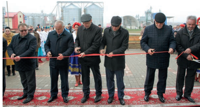
В торжественной обстановке была перерезана красная лента, символизирующая начало деятельности нового современного объекта в инфраструктуре поселка
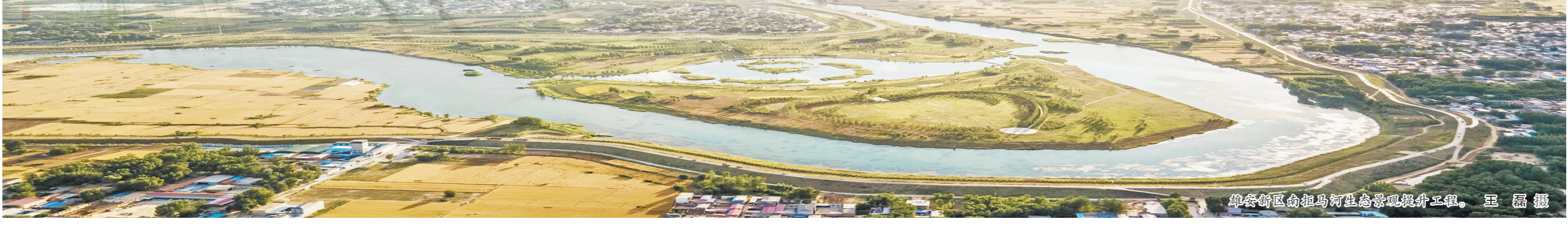
雄安新区南拒马河生态景观提升工程。
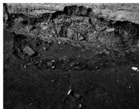
写真2 SD1 検出状況（東より）
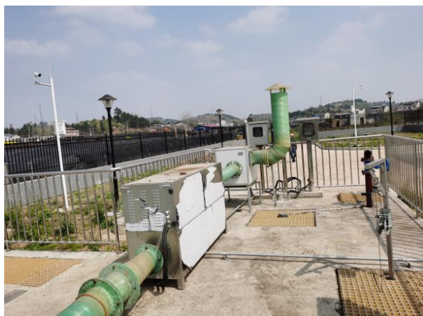
图 3-2 离子除臭装置
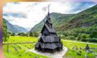
Unseen ไนท์ Borgund/Stave Church
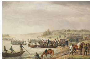
А. Альбрехт. Переход итальянского корпуса Евгения Богарне через Неман
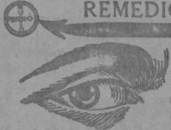
EL OJO DE LA VERDAD

NINGUN REMEDIO conocido hasta hoy ha obtenido tantas curas en España ni en el Extranjero como el MARAVILLOSO
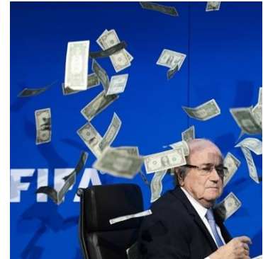
Sepp Blatter

« The real reason for applauding the Swiss authorities' action was, of course, that it suggested inquiries are reaching right into the putrid core of Fifa's power structure » ( Sunday Times, UK )

·····

*Problem details*: Everything from the line with "NINGUN REMEDIO conocido" through the final line of the material is to be returned exactly, both ends included, apart from the pictures.

*Result*:
NINGUN REMEDIO conocido hasta hoy ha obtenido tantas curas en España ni en el Extranjero como el MARAVILLOSO
Sepp Blatter

« The real reason for applauding the Swiss authorities' action was, of course, that it suggested inquiries are reaching right into the putrid core of Fifa's power structure » ( Sunday Times, UK )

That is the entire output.